(03-13-2020 09:23 AM)georgia_tech_swagger Wrote: It doesn't change the overall scope: it only kills those at the margins particularly those at the margins with respiratory or cardiac issues. These are people who should live like there's a pandemic every day because they have a thin margin of error in their health. I feel like what we're seeing is more over-reaction than substance. The Y2K of 2020.
In the US, it's the opposite of Y2K, which was well understood, had a lot of people with advance warning working on the problem, and which would have been quite a problem if people hadn't worked long and hard on preventing it.
"It only kills at the margins" is
thanks to the ability to put people in severe respiratory distress on ventilators. If we elect to allow the spread of the disease to progress far enough to overwhelm our ability to put people on respirators, the percentage death rate will spike.

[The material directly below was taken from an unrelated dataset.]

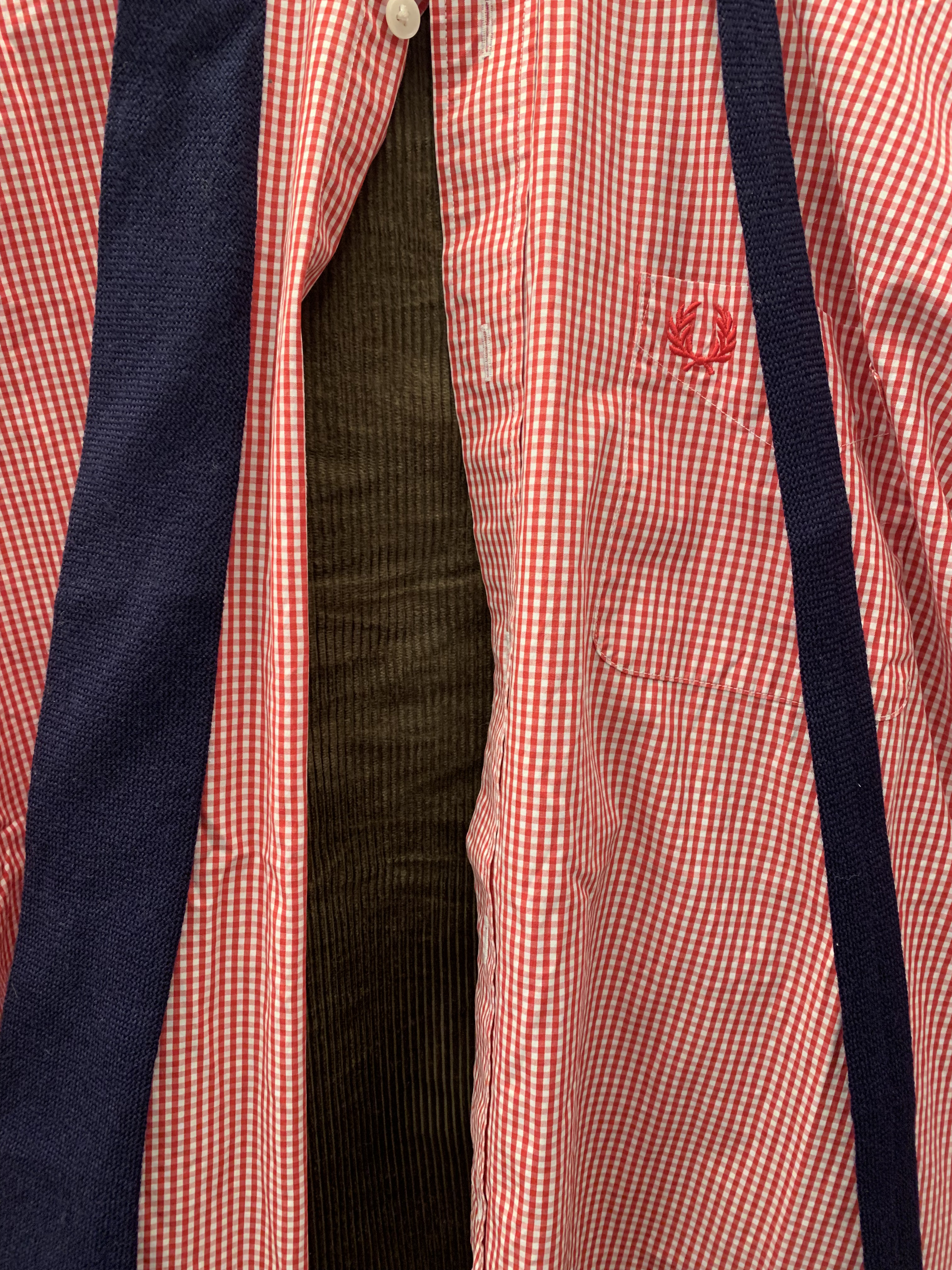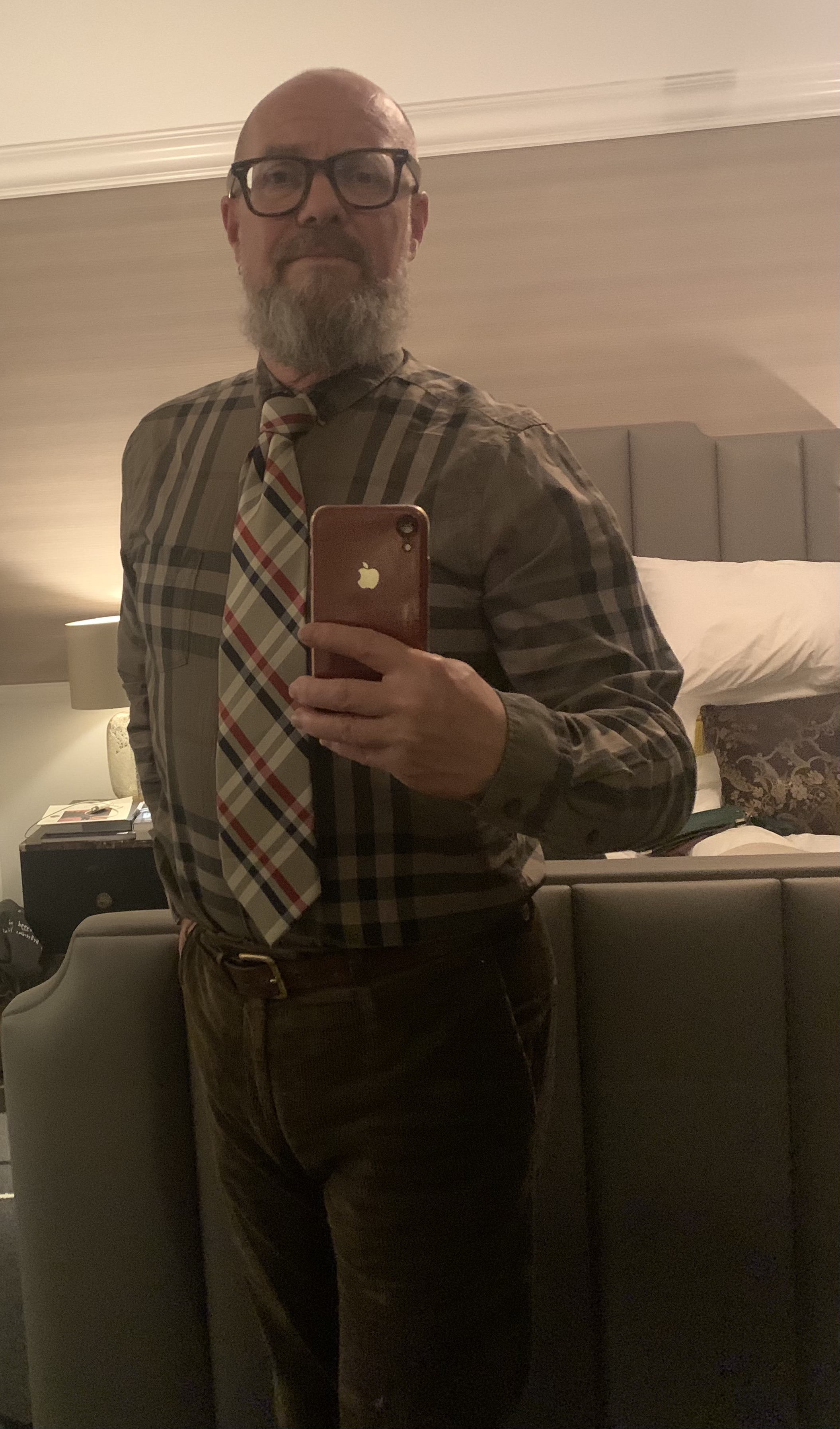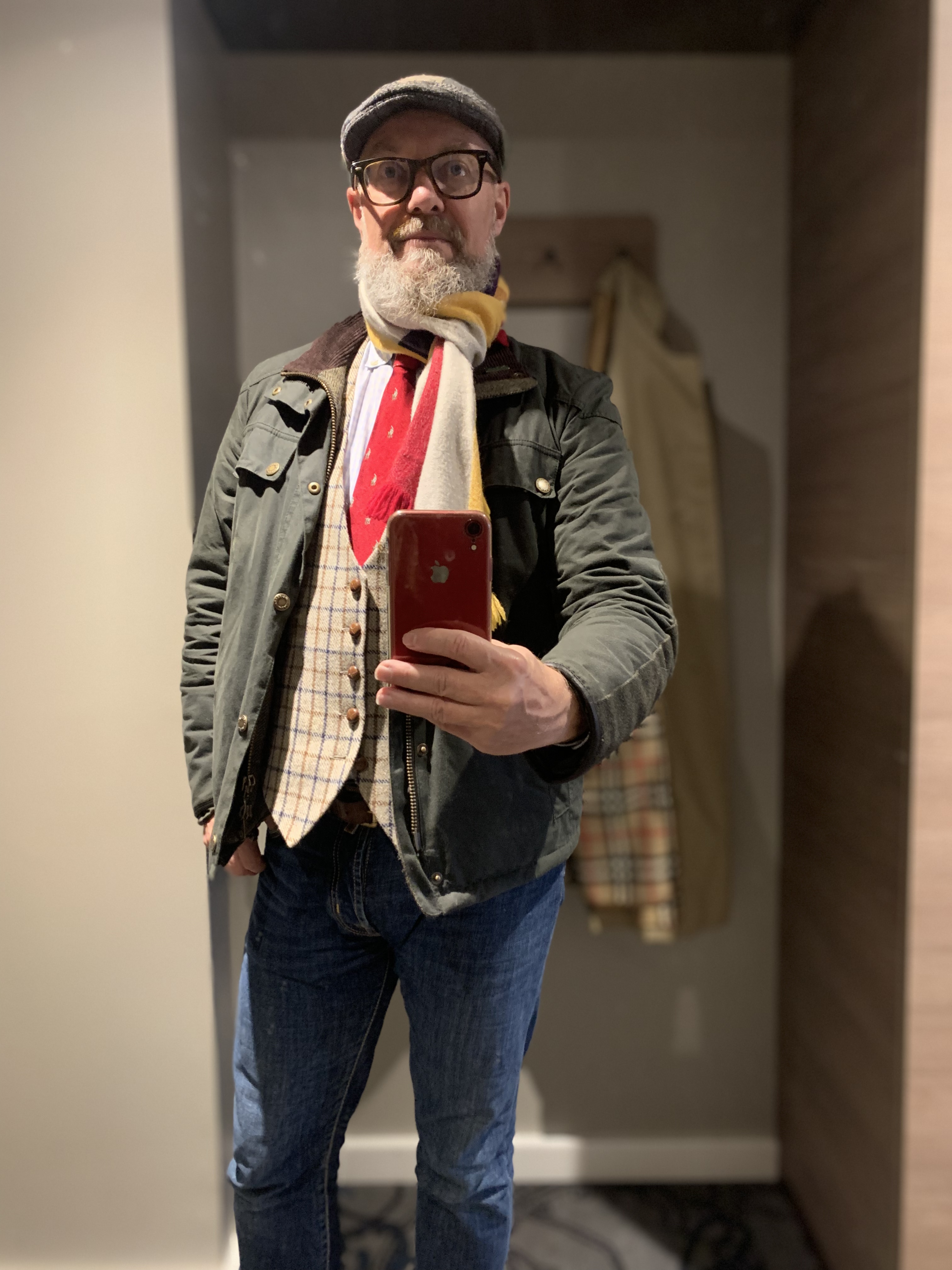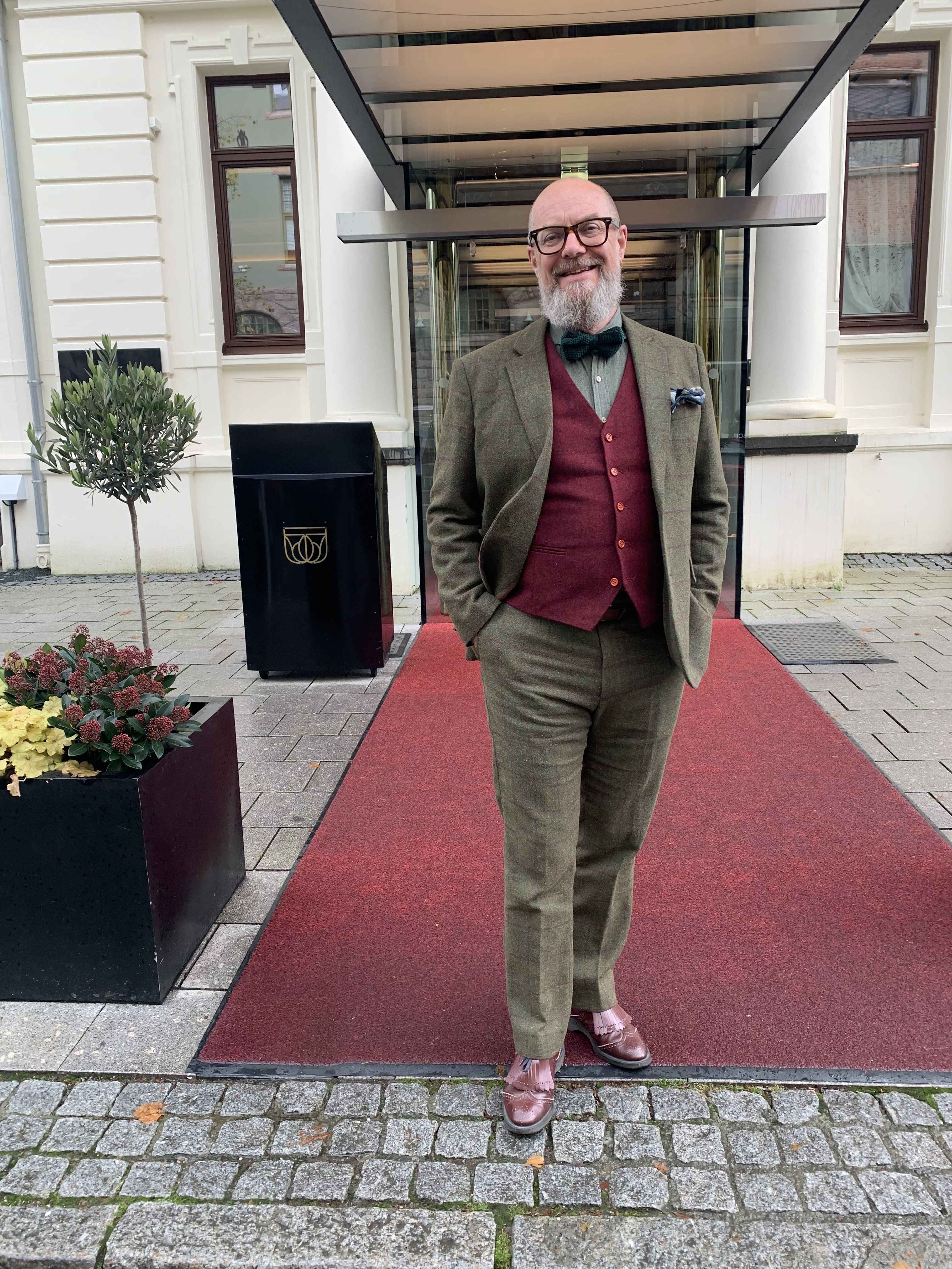 Britannia hotel, alltså. Jo, min garderob var given. Till resan hade jag packat ned min tweedkostym (Tweedmaker) , den tredelade, som jag fick av Z i julklapp senast. Till det en grön Stenströmskjorta (köpt i Halmstad), två alternativa slipsar – Morris/Ralph Laurent Polo – och mina Dr Martens brogskor med fransade flärpar i ett slags försök att ge en golflook. Sällan använda och 30 år gamla, men nu fyller de syftet. På resan upp har jag mina Jacob Cohenjeans (Ragtime herr), en ljusblårutig Etonskjorta (Stadsmissionen Mölndal galleria), en en rutig Oscar Jacobsonväst (Ragtime herr), min fina Vardoc of Oxfordslips (Cirkeln secondhand, Mölndal), Barbourjacka (Ragtime herr), en Johnston of Elginhaldsduk (Stadsmissionen, Mölndal galleria), min tweedkeps från Dublin och de tidigare nämna Clarkskorna. Dessutom, som extra allt, Burberrytrenschen som jag fyndade på Reningsborg våren 2015. Som komplement till garderoben – även de nämnda – manchesterbyxorna, de bruna Oscar Jacobson, Burberryskjortan, en röd- och vitrutig Fred Perryskjorta, en Morrisslipover. Jo, resväskan var stinn.

(03-13-2020 09:32 AM)mpurdy22 Wrote: This is where I get confused. Why do they say this is brand new?? My over 1 year old (think its actually two years old) can of disinfectant spray can says it kills SARS Corona virus and Human Corona virus among the 100 germs it kills. So corona virus doesn't appear to be all that new.
covid19 is a coronavirus that is new to humans. "Coronavirus" is the name for a family of viruses that are round and covered in a fatty lipid and have spikes sticking out that struck somebody as looking like the spikes on old fashioned medieval crowns ... but the exact make-up of the spikes are different for each specific virus in the family.
There are like four "human" coronaviruses that cause colds, because they attack nasal passages. MERS and SARS and COVID19 are caused by coronaviruses that are newly introduced to human populations, so we don't have immunity to them from prior exposure. They also attack lung tissues rather than nasal passages, which is why their symptoms are more like influenza than a cold.
They think that the one causing covid19 may be from a coronavirus endemic among bats, though it might be from a coronavirus that is endemic among pangolins. But in any event, it's new to humans so it's spreading like a novel virus rather than spreading like an endemic one. As Mark Lipsitch at Harvard notes,
Quote: Even seasonal infections can happen “out of season” when they are new.
New viruses have a temporary but important advantage – few or no individuals in the population are immune to them. Old viruses, which have been in the population for longer, operate on a thinner margin — most individuals are immune, and they have to make do with transmitting among the few who aren’t. In simple terms, viruses that have been around for a long time can make a living — spread through the population — only when the conditions are the most favorable, in this case in winter.
The consequence is that new viruses — like pandemic influenza — can spread outside the normal season for their longer-established cousins. For example in 2009, the pandemic started in April-May (well outside of flu season), quieted in the summer (perhaps because of the importance of children in transmission of flu), and then rebounded in September-October, before the start of normal flu season. Seasonality does not constrain pandemic viruses the way it does old ones. This pattern is common for flu pandemics.
Seasonality of SARS-CoV-2: Will COVID-19 go away on its own in warmer weather?
Soap is really good against coronaviruses because of that lipid layer. So is alcohol, but not as much. Peroxide bleach and chlorine bleach disinfect it well (though obviously pick one and stick to it, because the gas from mixing the two can kill you as dead as the coronavirus).